I have been getting a lot of complaints from staff on this unit. I have been told that 5 different people have reported something negative about me since I have been going to this hospital. What's that all about? I don't know. One of the first complaints was from a Doctor who walked in behind me while I was assessing my patient. I had my back to him, and my scope down my patients gown to listen to her heart. Apparently he was upset that I did not leave so he could visit with the patient. I didn't even know he was in the room for a few minutes, then I had my scope down this lady's gown, what was I supposed to DO????? Just snap my fingers and DISAPPEAR?????? I then have ben complained about from other staff who say that I was asking too many questions about my pt rather than going in and assessing her myself. I will admit I am a little nervous about going to see patients right away, but I don't think I need this kind of CONSTANT NITPICKING as I turn EVERY CORNER!!!!!!! I am afraid that when I go to see my instructor tomorrow, they will try to get rid of me!!!! What can I do??????? What Recourse do I have??????? Our Syllabus states in our class that if our instructor chooses to do so, she can kick us out of the program if she sees fit to do so. NOW I AM SCARED!!!!!!!!!

Anyway, my nurse instructor sent me home today, and this will reduce my clinical grade by 10 % right off the bat; but now I am scared that she and the staff and the director are trying to get me kicked out of the program altogether!!!! I am a first year student, and i am not getting the politics of Nursing down! I feel like I will have spent all this money and get kicked out of the program and have nothing to show for it and no where to go!!!! Help!!!!

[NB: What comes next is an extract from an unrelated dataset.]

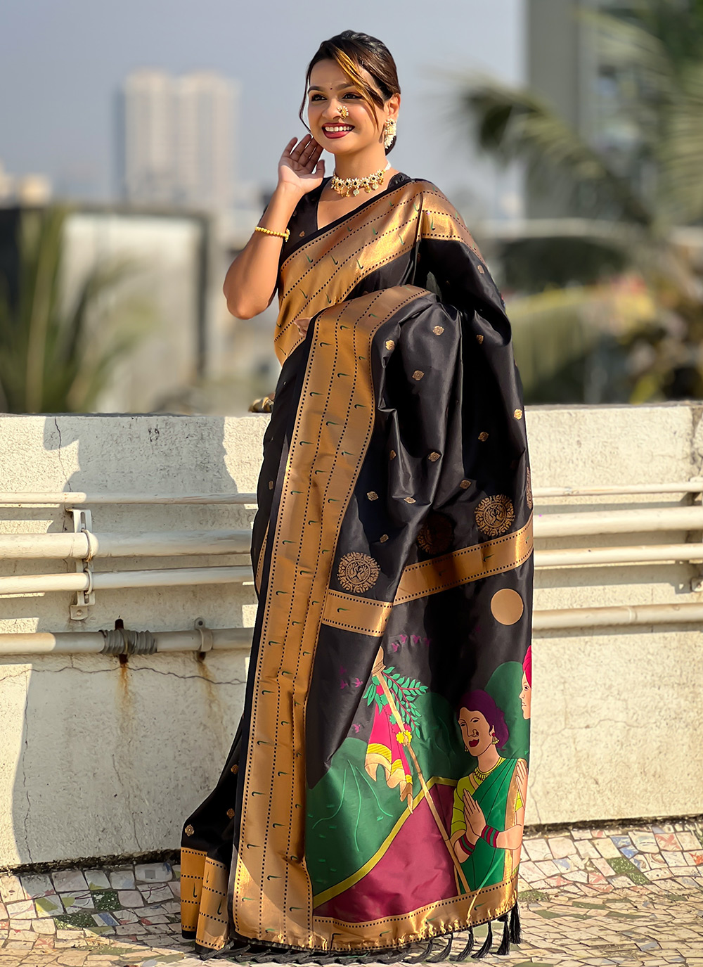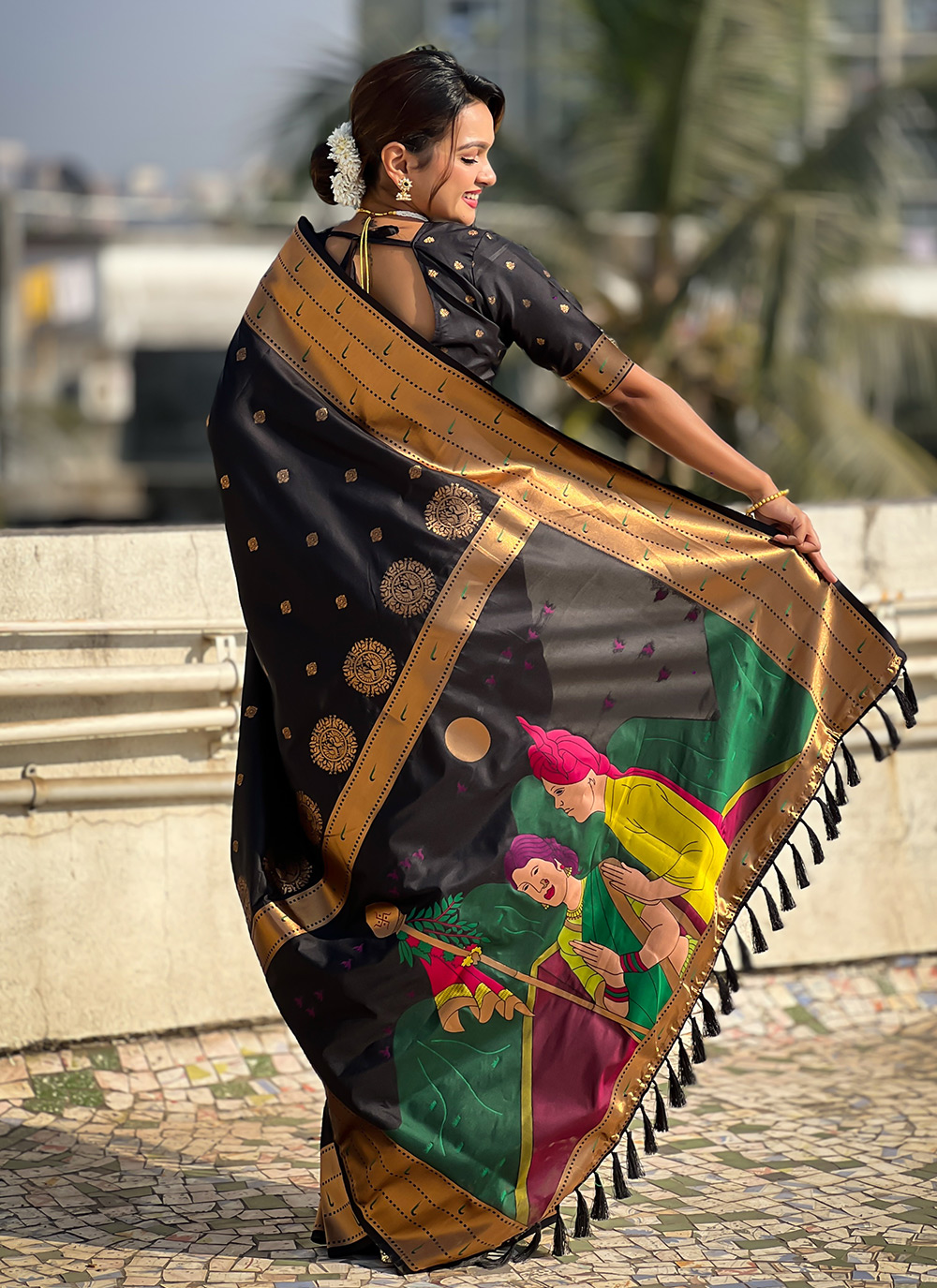 This Black Silk Weaving Saree, with a matching blouse, combines luxury and style. The rich black fabric is beautifully woven, making it perfect for parties and special occasions. Elegant, comfortable, and timeless.
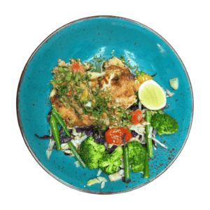 CRUMBED RED SNAPPER WITH GREEN HERB SAUCE

What should I do? I took A&P in 2005, and I could get into another program, I guess, but should I leave them, or just wait for them to get rid of me? I have worked WAY TOO HARD FOR THIS TO END THIS WAY!!!!!!! There must be some way to give them what they want without me having to get thrown out of school for this! I still do not know specifically what I did that caused others to complain. I was confused! I was shuffling papers! I HAVE ROSACEA, AND MY FACE IS ALWAYS RED AFTER A SHOWER!!!!! What am I supposed to do? Can my school REALLY LEGALLY THROW ME OUT FOR STAFF COMPLAINTS?????????????????????????????????

Help,

Laura

Specializes in Endoscopy/MICU/SICU.

Hmm,

well it doesn't sound to me like they're trying to get you thrown out of school. They want you to be prepared. It's very important to be on time, and they don't care where you had to park. Go into your patient's room first thing, do your assessment, and then if you still have questions maybe you should look it up or ask your instructor. When you talk to your instructor, ask specifically what you need to improve on. Then do your best to improve on those things by reading and trying your best. Sounds like the staff doesn't really want to be bothered, so just stay out of their way. Kinda crappy, but that's how things are for us students a lot of the time. Good luck, keep going, BE PREPARED, and everything will turn out fine.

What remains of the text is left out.